UN-backed meeting calls for improved tax collection in poorest countries

UN-backed meeting calls for improved tax collection in poorest countries

Under-Secretary-General Cheick Sidi Diarra
Improved tax collection and stronger capital markets form the critical bases for long-term financing for development in the world's 49 least developed countries, a United Nations-backed meeting of the concerned nations and their partners declared today.

“Despite significant efforts to mobilize domestic resources and attract more private capital inflows, there is still a huge savings-investment gap in most of the least developed countries,” ministers and economists from the LDCs and their development partners concluded at a meeting in Lisbon hosted by Portugal and the UN office overseeing LDC affairs.

Despite past efforts, LDC domestic savings have stagnated at around 13 per cent of their gross domestic products (GDPs), due to the subsistence nature of much of the economies and rates of extreme poverty which exceed 50 per cent of the populations on average. Ministers therefore focused also on external means of improving resource flows, including through development assistance, private investment, innovative financing and debt relief.

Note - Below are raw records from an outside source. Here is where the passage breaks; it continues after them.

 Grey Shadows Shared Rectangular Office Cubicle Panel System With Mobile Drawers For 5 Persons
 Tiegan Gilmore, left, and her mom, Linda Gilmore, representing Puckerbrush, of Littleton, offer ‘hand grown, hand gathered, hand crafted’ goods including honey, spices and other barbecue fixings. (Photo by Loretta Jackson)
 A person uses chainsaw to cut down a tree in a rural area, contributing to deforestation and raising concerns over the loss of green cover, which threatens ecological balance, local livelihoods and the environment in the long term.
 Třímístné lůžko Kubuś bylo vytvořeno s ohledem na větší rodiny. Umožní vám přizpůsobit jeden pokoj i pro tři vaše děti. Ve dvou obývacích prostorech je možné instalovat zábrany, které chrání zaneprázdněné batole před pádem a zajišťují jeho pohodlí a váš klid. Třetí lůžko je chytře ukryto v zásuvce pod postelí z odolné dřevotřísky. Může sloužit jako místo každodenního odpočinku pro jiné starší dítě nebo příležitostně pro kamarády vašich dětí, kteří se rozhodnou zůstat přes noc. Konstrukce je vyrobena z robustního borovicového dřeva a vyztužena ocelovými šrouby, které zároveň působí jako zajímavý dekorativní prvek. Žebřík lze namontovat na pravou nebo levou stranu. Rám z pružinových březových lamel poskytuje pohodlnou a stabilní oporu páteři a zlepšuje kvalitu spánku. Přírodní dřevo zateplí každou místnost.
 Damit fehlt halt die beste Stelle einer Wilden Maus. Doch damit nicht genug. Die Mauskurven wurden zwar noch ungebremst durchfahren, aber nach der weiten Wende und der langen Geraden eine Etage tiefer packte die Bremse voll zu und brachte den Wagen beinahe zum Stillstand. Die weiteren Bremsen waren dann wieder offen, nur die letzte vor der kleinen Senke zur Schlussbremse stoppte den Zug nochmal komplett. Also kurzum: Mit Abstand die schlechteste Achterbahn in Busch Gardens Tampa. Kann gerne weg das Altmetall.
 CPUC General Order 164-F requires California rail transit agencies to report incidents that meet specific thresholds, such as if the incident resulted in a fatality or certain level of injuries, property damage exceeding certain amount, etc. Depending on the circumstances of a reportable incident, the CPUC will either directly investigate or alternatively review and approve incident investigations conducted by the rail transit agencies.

Cheick Sidi Diarra, UN Special Adviser on Africa and its High Representative for the Least Developed Countries, Landlocked Developing Countries and Small Island Developing States, noted that the Lisbon meeting would lay the groundwork for an international action plan to be adopted at the fourth UN global conference on LDCs, taking place in mid-2011 in Istanbul.

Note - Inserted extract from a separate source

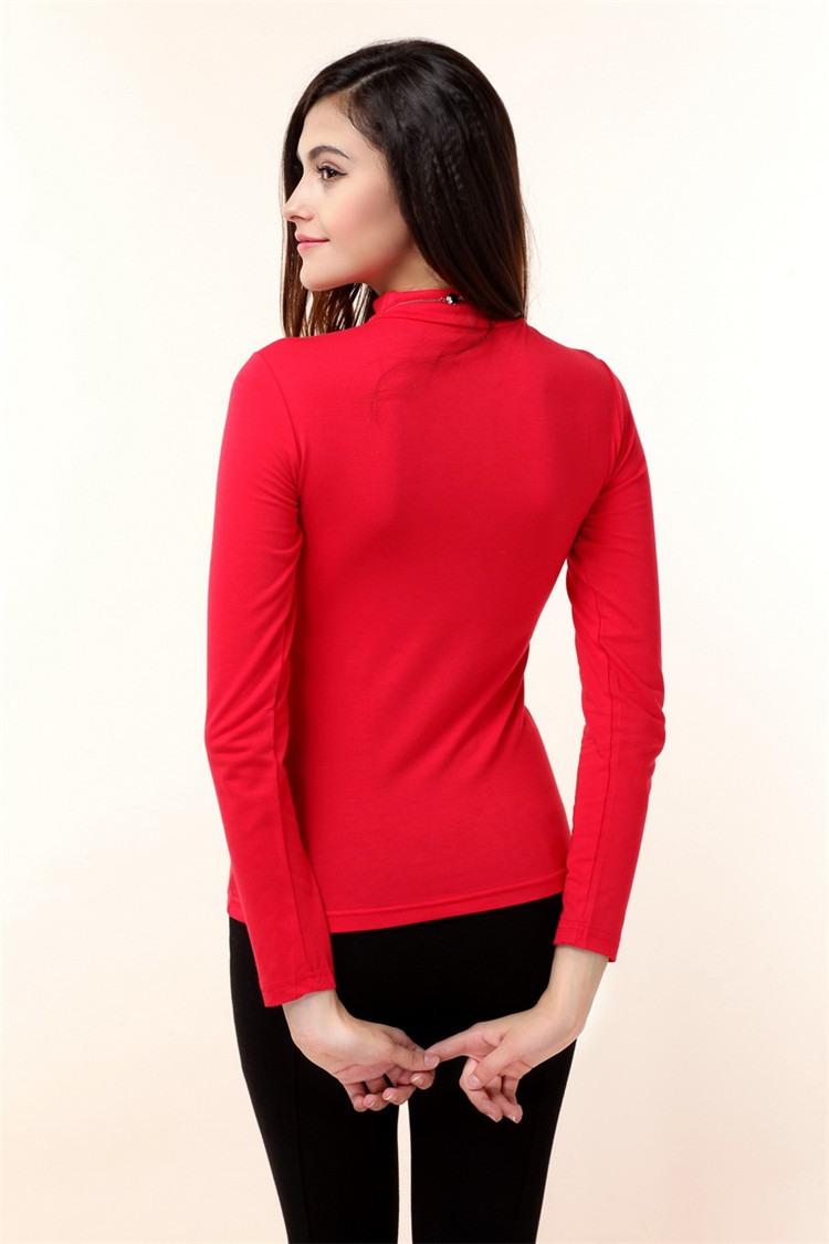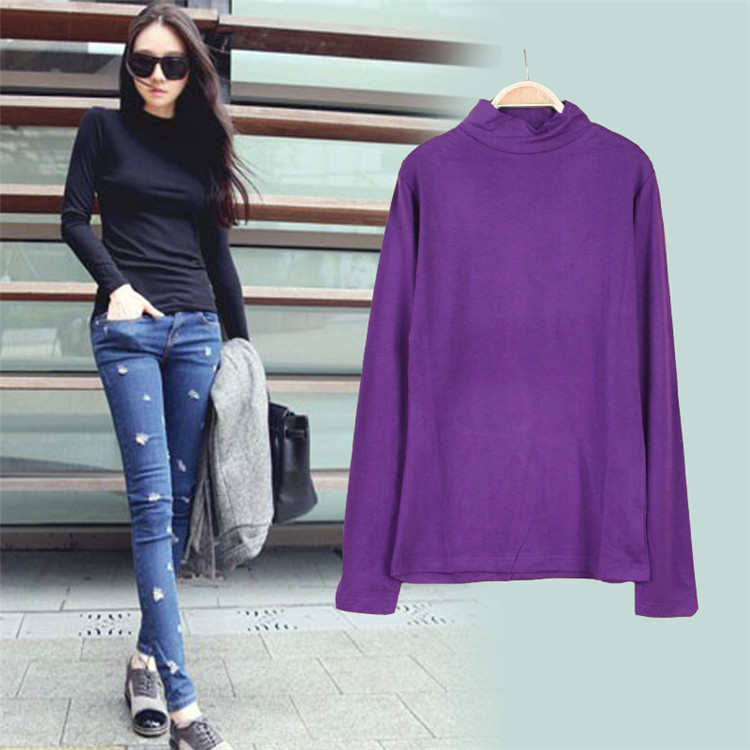 Long-sleeved T-shirt women's casual elastic running fitness clothing sweat-absorbing breathable self-cultivation mid-high collar solid color bottoming shirt

“Domestic resources are sine qua non for self-sustained economic growth and development,” he told the opening session yesterday. “Mobilizing domestic resources requires greater domestic savings and investment, higher export earnings, and improved private capital flows, including foreign direct investment.

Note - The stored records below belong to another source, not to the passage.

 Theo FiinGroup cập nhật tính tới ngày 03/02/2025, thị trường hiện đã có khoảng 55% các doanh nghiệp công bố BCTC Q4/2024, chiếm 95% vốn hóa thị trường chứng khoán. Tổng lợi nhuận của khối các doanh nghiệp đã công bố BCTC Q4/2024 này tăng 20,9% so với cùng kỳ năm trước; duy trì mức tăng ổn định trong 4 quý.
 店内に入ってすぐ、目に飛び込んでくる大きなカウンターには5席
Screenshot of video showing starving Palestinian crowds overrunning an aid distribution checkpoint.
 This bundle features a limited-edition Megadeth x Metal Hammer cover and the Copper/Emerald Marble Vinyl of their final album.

“In order to achieve this, LDCs as well as their development partners must adopt a comprehensive approach that optimizes the synergies between domestic resource mobilization, aid, trade, private capital inflows and debt relief.”

Looking to external sources to complement domestic mobilization, the ministers noted that foreign direct investment (FDI) had been the most rapidly increasing resource flow to LDCs over the past decade, with the source shifting from predominantly developed countries to developing and transition countries.

Along with measures to attract and better utilize this investment and also tap remittances from overseas migrants, the meeting called for a stronger surge in official development assistance (ODA). Less than half of the ODA increase pledged at the previous global conference on LDCs in Brussels in 2000 has been fulfilled.

Critically, both debtors and LDC creditors need to address the current debt burden. Debt service takes up a large part of scarce budgetary resources that could be directed to productive and social areas, and the debt overhang harms the internal and external investment climate.

Despite significant debt relief, the total debt service burden of LDCs has reached $6.03 billion per year.